- [TASK REQUIREMENTS]:
Quote exactly the lines from the one with "- Marsala Halter" to the end of the data, both included; omit the pictures.

- [MATERIAL PROVIDED]:
□ □ □ □ □

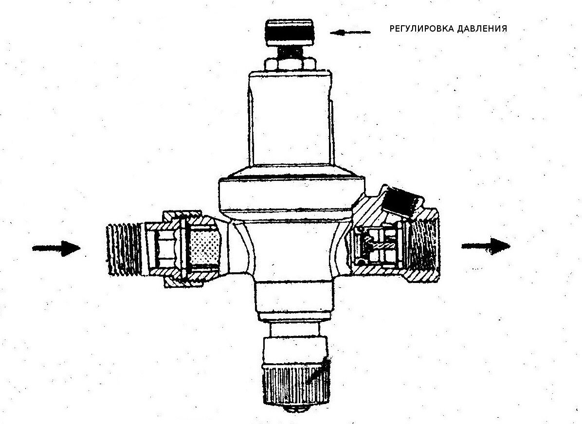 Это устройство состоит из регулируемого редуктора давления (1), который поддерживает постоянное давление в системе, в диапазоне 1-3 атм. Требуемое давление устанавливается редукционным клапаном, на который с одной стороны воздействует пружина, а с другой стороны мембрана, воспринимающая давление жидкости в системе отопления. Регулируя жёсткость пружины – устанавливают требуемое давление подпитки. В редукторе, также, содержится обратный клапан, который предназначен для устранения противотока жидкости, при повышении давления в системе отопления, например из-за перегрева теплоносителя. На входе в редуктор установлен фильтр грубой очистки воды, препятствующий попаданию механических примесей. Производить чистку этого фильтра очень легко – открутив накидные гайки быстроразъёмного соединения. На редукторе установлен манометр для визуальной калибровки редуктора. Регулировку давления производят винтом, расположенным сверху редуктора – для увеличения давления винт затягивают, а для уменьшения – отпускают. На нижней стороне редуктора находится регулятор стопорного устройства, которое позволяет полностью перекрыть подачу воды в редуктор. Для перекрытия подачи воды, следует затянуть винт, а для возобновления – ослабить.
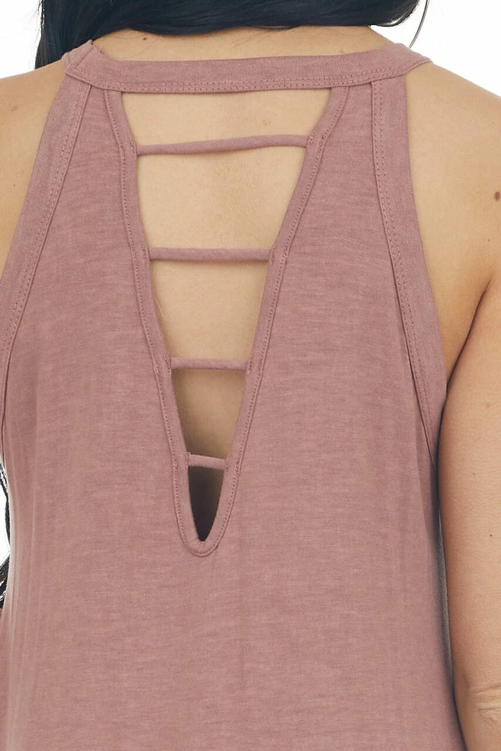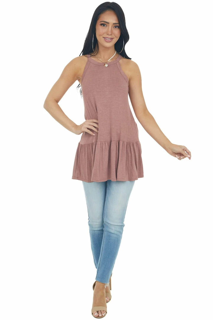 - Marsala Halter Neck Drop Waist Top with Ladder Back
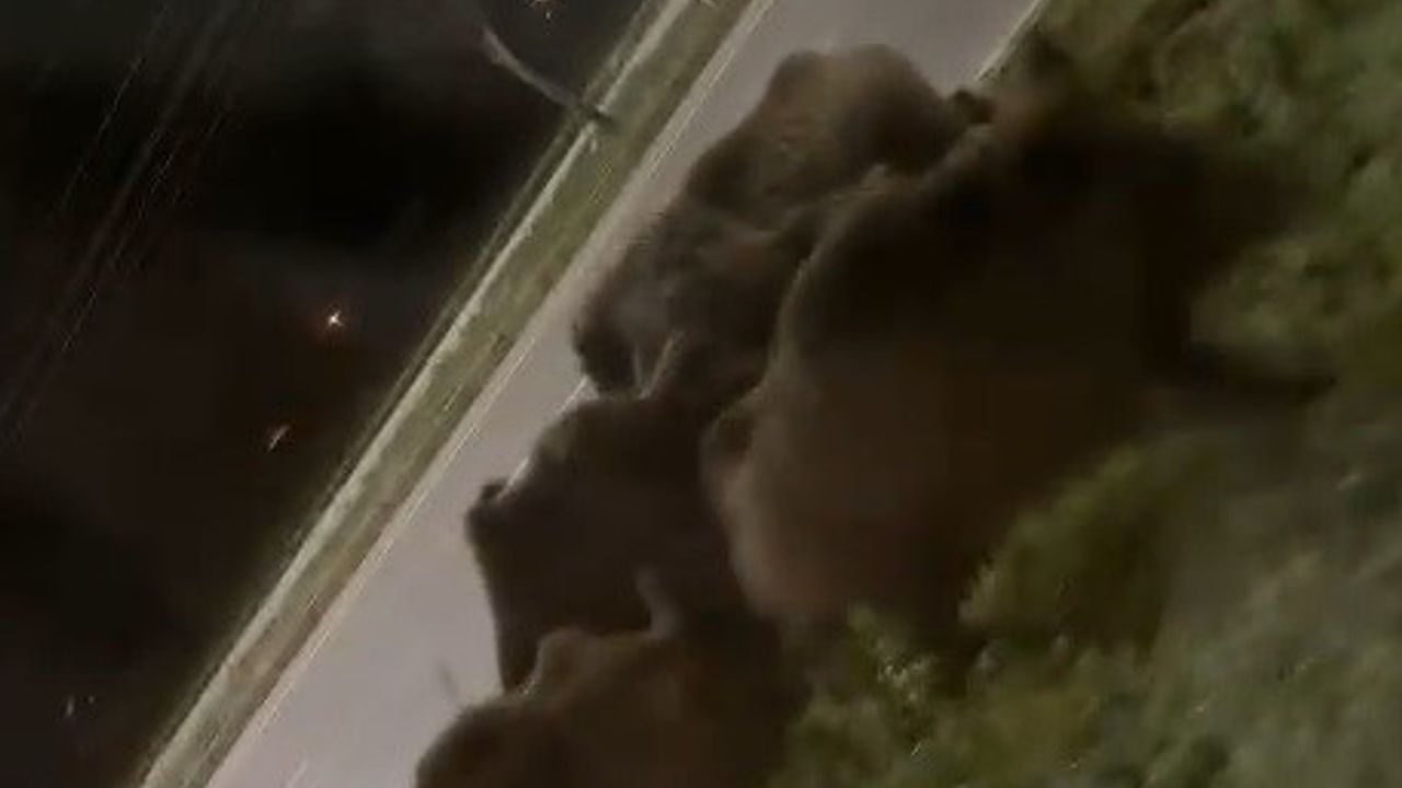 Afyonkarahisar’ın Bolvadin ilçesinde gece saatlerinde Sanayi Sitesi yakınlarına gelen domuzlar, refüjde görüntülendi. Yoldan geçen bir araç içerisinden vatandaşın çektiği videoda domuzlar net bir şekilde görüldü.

□ □ □ □ □

- [WRITTEN SOLUTION]:
 - Marsala Halter Neck Drop Waist Top with Ladder Back
 Afyonkarahisar’ın Bolvadin ilçesinde gece saatlerinde Sanayi Sitesi yakınlarına gelen domuzlar, refüjde görüntülendi. Yoldan geçen bir araç içerisinden vatandaşın çektiği videoda domuzlar net bir şekilde görüldü.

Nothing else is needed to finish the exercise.